EXERCISE REQUIREMENTS:
From the entries below, return only the lines starting at the one that contains "울진군(군수 손병복) 농기계임대사업소는" and ending at the one that contains "Слайд 16ДОННИК, род", exactly as they stand.

EXTRACTED ENTRIES section start

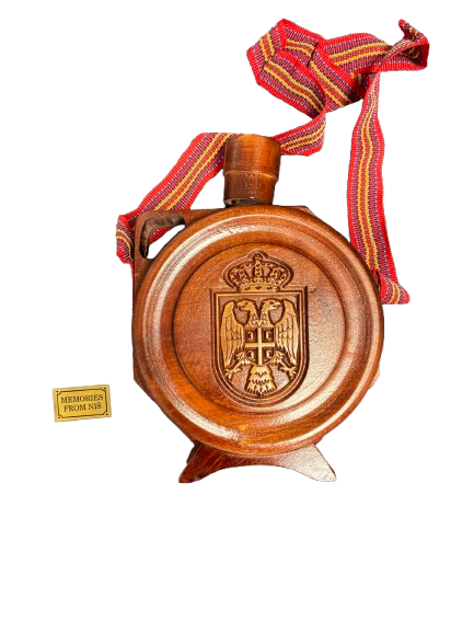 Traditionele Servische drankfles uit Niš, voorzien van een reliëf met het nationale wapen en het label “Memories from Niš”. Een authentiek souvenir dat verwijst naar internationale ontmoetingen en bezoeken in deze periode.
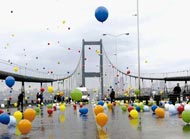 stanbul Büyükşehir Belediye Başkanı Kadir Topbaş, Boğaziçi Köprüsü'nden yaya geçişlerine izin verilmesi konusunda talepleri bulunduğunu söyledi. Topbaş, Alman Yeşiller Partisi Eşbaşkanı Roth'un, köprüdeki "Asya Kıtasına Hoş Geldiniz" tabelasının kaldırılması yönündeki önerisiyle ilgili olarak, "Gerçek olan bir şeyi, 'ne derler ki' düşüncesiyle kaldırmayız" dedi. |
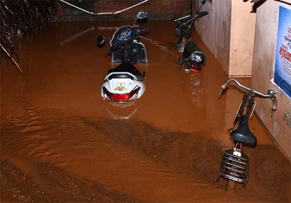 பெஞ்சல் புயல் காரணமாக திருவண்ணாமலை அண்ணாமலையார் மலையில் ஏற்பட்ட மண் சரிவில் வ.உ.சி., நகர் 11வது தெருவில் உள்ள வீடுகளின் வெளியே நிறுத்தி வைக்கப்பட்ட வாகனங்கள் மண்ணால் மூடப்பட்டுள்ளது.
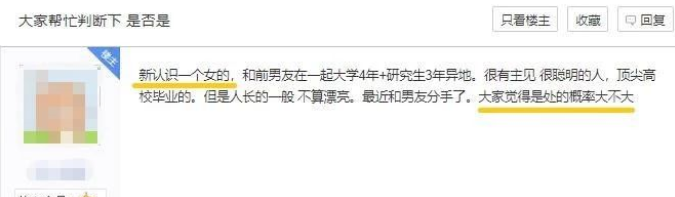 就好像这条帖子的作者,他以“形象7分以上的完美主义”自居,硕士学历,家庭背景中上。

EXTRACTED ENTRIES section end
EXTRACTED ENTRIES section start

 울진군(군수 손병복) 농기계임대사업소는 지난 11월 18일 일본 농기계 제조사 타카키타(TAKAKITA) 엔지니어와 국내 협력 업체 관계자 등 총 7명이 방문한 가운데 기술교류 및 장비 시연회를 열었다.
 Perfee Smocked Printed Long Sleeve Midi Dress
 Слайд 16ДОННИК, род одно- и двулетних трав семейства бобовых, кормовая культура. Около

EXTRACTED ENTRIES section end

RESPONSE AREA:
 울진군(군수 손병복) 농기계임대사업소는 지난 11월 18일 일본 농기계 제조사 타카키타(TAKAKITA) 엔지니어와 국내 협력 업체 관계자 등 총 7명이 방문한 가운데 기술교류 및 장비 시연회를 열었다.
 Perfee Smocked Printed Long Sleeve Midi Dress
 Слайд 16ДОННИК, род одно- и двулетних трав семейства бобовых, кормовая культура. Около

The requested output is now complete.